- Valiabad-e Shiri Location within Iran
- Coordinates: 33°31′21″N 47°48′12″E﻿ / ﻿33.52250°N 47.80333°E
- Country: Iran
- Province: Lorestan
- County: Chegeni
- District: Shahivand
- Rural District: Kashkan-e Jonubi

Population (2016)
- • Total: 226
- Time zone: UTC+3:30 (IRST)

= Valiabad-e Shiri =

Village in Lorestan province, Iran

Valiabad-e Shiri (ولي آباد شيري) (Note: Also romanized as Valīābād-e Shīrī; also known as Valīābād-e Chenār) is a village in Kashkan-e Jonubi Rural District of Shahivand District in Chegeni County, (Note: Formerly Dowreh County) Lorestan province, Iran.

==Demographics==
===Population===
At the time of the 2006 National Census, the village's population was 232 in 49 households, when it was in Teshkan Rural District of the former Dowreh-ye Chegeni District in Khorramabad County.

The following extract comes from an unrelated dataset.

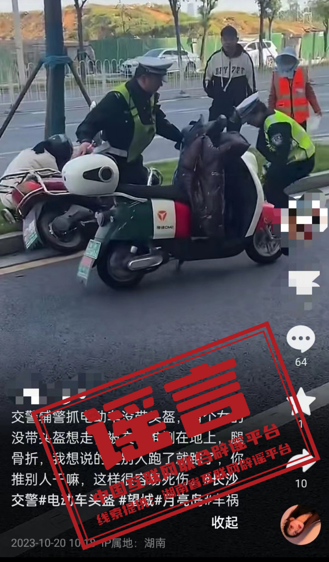 真相:近日,一段“长沙交警执法时推倒电动车”的网络视频引发关注。对此,长沙市公安局望城分局通过调取涉事交警的执法记录仪,还原了事实真相:两台电动车发生刮擦,造成两名车主摔倒,执勤交警发现后上前救助,并随即将伤者送往医院治疗,经诊断已无大碍。然而,网民李某某(男,28岁,岳阳市平江县人)为博取关注,发布虚假短视频,故意将交警扶人的事实造谣成为“交警推人”,恶意炒作,误导网民。李某某因涉嫌虚构事实、散布谣言、扰乱公共秩序,被望城分局依法处以行政拘留5日的处罚。(来源:“中央政法委长安剑”微信公众号、“长沙警事”微信公众号)

The following census in 2011 counted 214 people in 51 households, by which time the district had been separated from the county in the establishment of Dowreh County. (Note: Renamed Chegeni County) The rural district was transferred to the new Chegeni District, (Note: Renamed the Central District) and the village was transferred to Kashkan-e Jonubi Rural District created in the new Shahivand District. The 2016 census measured the population of the village as 226 people in 55 households.